В ответ Костя скрипнул зубами и с надутым видом принялся стучать по клавишам машинки.
— Ну вот, из-за вас опечатку сделал, — вдруг процедил он, с пулеметным треском забивая целую строку.
Утятьев не снизошел до ответа.
Признаться, я ничегошеньки не понял из этого сюрреалистического диалога, хотя на всякий случай воспроизвел его дословно. Странный город Кривоград, странная контора, странный писатель-истопник… Хотя, может статься, после больницы я не воспринимаю каких-то элементарных, азбучных вещей. И спрашивать неловко, потому что меньше всего мне хотелось бы показаться недоумком и навлечь на себя подозрение в профнепригодности. Все что угодно, лишь бы не это.
Ничего, как-нибудь освоюсь, дойду своим умом, без лишних расспросов.
Костя выдернул отпечатанный листок из машинки и положил его на стол перед Утятьевым.
— Завизируйте, пожалуйста, — попросил он.
— Сначала согласуй, потом завизирую.
— А Лелька говорит, что теперь будет согласовывать с заказчиком только после вашей визы.

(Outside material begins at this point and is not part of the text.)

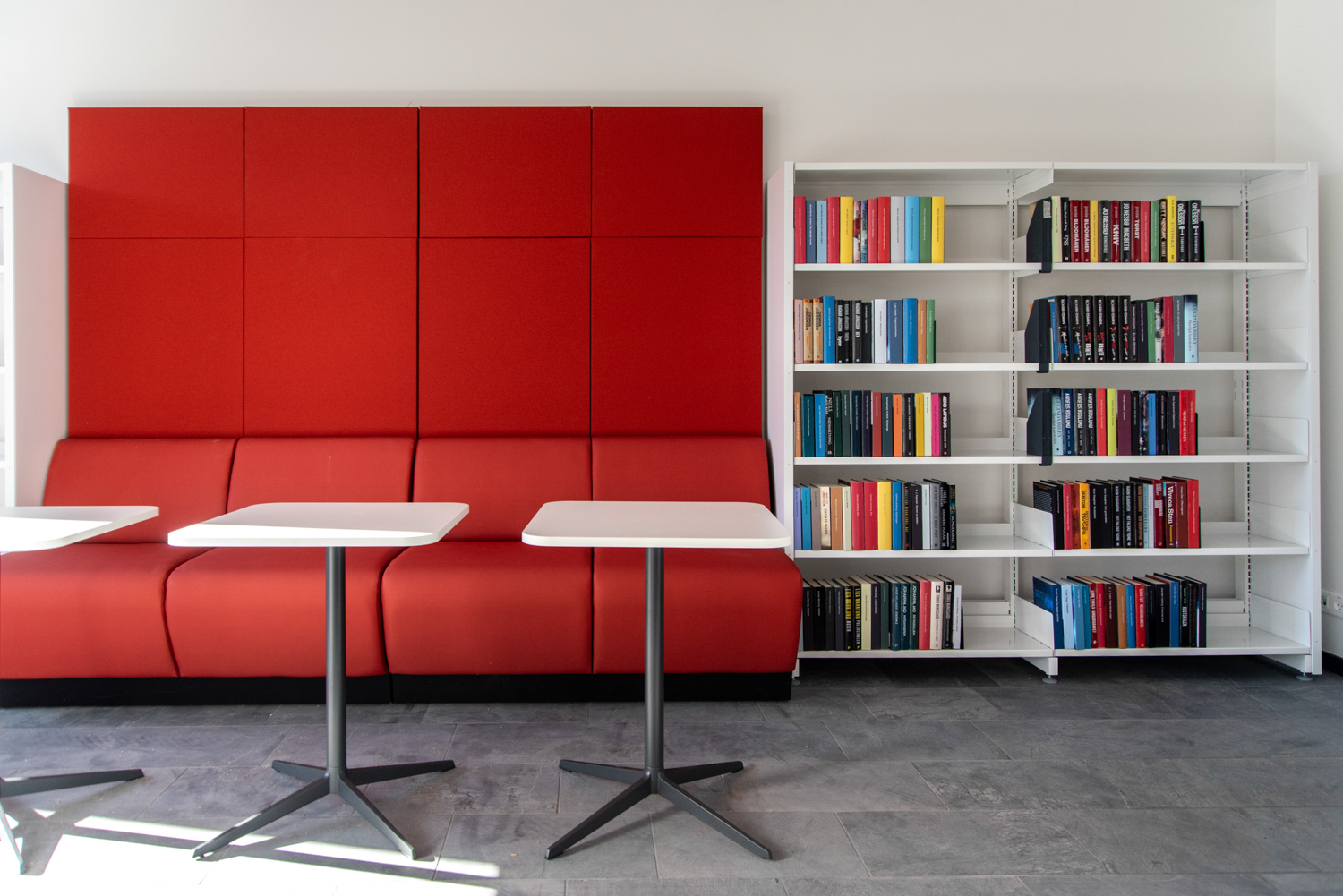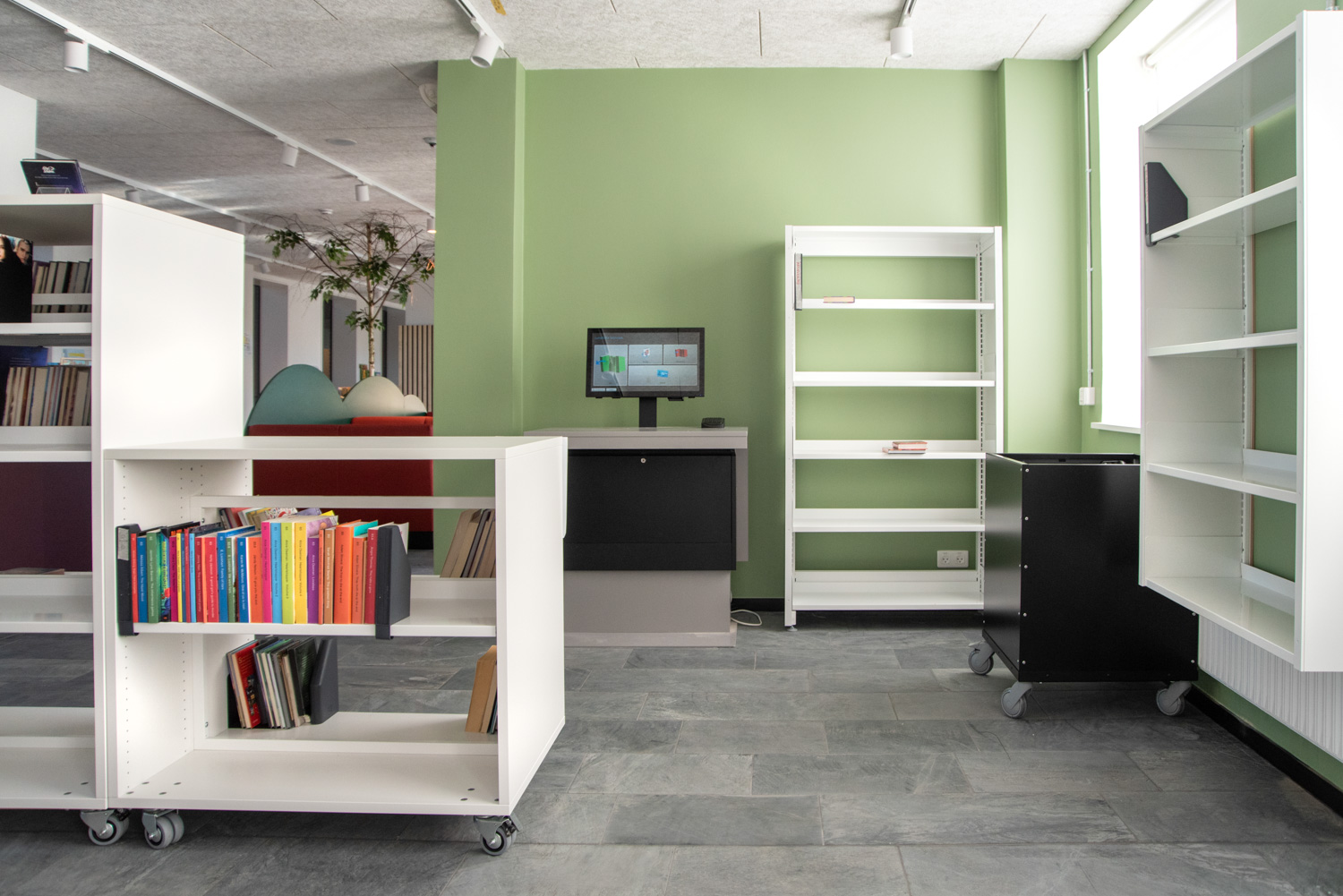 De aardse kleuren en oranje bekleding van bepaalde bibliotheekelementen contrasteert mooi met de meer neutrale, natuurlijke tinten. Met de Maria podiumboekenbakken kunnen displayhoekjes worden ingericht en bepaalde items in de kijker worden geplaatst.

— Что за новости, — проворчал Утятьев. — Все с ног на голову.
Истопник застенчиво развел руками.
— Мудрят, Елпидифор Трофимыч…
— Гм… — Утятьев смерил Костю испытующим взглядом. — Ты что, опять с этими профурсетками поцапался?
Тот опустил глаза и шмыгнул носом.
— А чего они лезут не в свое дело. Сами корову через «ять» пишут, зато меня всю дорогу учат, как текстовки писать. Совсем задолбали.
— Ну что ты с ними собачишься? Раз умный, значит, должен уступить, — Утятьев хмыкнул и расписался в углу листа. — Ладно, иди, согласовывай.
— Покорнейше благодарим-с, — Костя шутовски раскланялся и вышел. Слышно было, как он затопал сапожищами вверх по лестнице.
А я подумал, что если писатель каждую страничку будет визировать и согласовывать, уж лучше ему всю жизнь работать истопником и не переводить зря бумагу, которой мы и так производим чуть побольше, чем в Лесото, и чуть поменьше, чем в Танзании.
Тут дверь отворилась, в комнату вошел долгожданный Хаим Залманыч. Был он толст и приземист, с горделивой осанкой, как и все низкорослые люди. Он держался весьма солидно, еще не промолвил ни слова, а от него уже повеяло таким чувством собственного достоинства, какого хватило бы, наверно, на целый автономный национальный округ. При этом его нос, глаза и брови были раза в полтора крупнее, чем полагалось бы по росту.
— Наконец-то… Мы уж тебя заждались, — упрекнул Утятьев, вставая из-за стола.
— Здравствуйте, товарищ Утятьев, — чинно ответил Хаим Залманыч. — А разве у вас пожар? Куда такая спешка? Знаете, я немножко привык, что старый Хаим никому не нужен. И если вдруг стал нужен, разве нельзя чуточку потерпеть?
Произнося эту отповедь, он обменялся с Утятьевым рукопожатием, снял пальто и повесил в шкаф, затем достал расческу и пригладил перед зеркалом свои седые кудряшки.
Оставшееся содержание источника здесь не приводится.